Our economic planners have thought long and hard about the skills and resources available in our community, so that we can put them to best use in the dynamic global market of today. We decided that our state will put the lion's share of its economic development budget into the entertainment industry. After all, so many Pagans are also such excellent showmen, whether they know it or not. So the shenanigans that we get up to at our camps and festivals will be turned into fodder for soap opera writers. We're also going to focus on the fashion and design industry. A survey of the merchant's areas of most festivals showed us that most of what was on sale was what the British call `bling:' that is, fancy clothing, rings, bracelets, armlets, necklaces, anklets, earrings, tiaras, window hangings, leather medicine pouches, and all kinds of other crap. We'll be able to sell a few of them for ridiculously inflated prices by adding little notes about how it was consecrated by a Witch to attract love and money to its possessor. There will be a few fools in the world who will buy them, but we'll try to reserve them for the export market in case the fools who want to buy them are mostly our own citizens.

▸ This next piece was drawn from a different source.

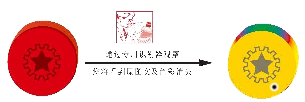 “飘点浮影”技术。肉眼观察帽套顶部,帽顶外观为亚光红色圆形,在圆形中央有亚光红色烫金图案。通过专用识别器观察,可见帽顶部呈亮黄色,上有黑色浮点,可随帽套的转动在亮黄色背景范围内漂移。

Our government leaders, however, will have much better fashion designers. They will not bother with robes sewn from curtains and flappy Birkenstock sandals. They will wear proper business suits. The men will have snazzy silk ties and the women will have the super-sexy platform-heel boots that all women of power are wearing these days. We have certain appearances to keep up, after all! For no one will take our state seriously if our leaders dress like flower children (if there's anybody watching).

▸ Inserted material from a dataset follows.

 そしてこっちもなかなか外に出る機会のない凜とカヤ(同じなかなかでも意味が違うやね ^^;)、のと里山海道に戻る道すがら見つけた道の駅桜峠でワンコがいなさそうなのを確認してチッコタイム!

And speaking of the entertainment industry, here's how we will attract tourists from abroad. Some of you might remember a venerable institution from the ancient world called the Temple of Ishtar. The idea was that young adolescent women would go to this temple around the time they become sexually fertile. There they would stay as handmaidens to the temple until a man came to, well, share with them the communion of the Goddess. Then they would be free to rejoin the community. We are planning to rebuild this temple. Think of the revenue it will generate, especially when our marketing campaigns extol the virtues of the young, free-spirited, sex-positive and stunningly beautiful Pagan woman!

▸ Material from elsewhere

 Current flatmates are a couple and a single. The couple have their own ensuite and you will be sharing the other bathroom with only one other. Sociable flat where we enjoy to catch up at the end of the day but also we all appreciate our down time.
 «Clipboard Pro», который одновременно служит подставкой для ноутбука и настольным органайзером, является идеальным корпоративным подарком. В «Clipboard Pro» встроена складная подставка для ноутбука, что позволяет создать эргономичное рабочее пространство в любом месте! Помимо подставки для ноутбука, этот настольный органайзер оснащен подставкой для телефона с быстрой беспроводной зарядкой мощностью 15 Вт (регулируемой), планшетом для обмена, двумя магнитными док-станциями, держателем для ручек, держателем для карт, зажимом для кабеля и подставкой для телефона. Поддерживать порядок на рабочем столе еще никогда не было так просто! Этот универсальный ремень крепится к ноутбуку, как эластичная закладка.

All in all, we are planning great things for our Pagan state. We'll grant licenses to perform marriages and funerals to just about anyone. And all kinds of marriages will be legal here: straight, gay, polyamourous, and so on—and the list might get larger still, depending on the lobbying power of the animal rights movement. We'll legalize marijuana, which we think will cut down on domestic crime rates as well. After all, when you are stoned the last thing you want is conflict. We'll legalize public nudity. We'll make Samhain and Bealtaine national holidays and make them a whole week long. We'll put a horseshoe over the arch of every door for good luck. And most important of all, we'll standardize that long list of elemental correspondences. Our state will be a shining beacon of liberal freedom, where anyone and everyone will have the right to live any way they want, and believe whatever they want. We hope you will join us, and raise our flag over your homes and magic circles as a sign of your solidarity.

Solidarity!

The Inner Circle of the Sovereign Pagan State.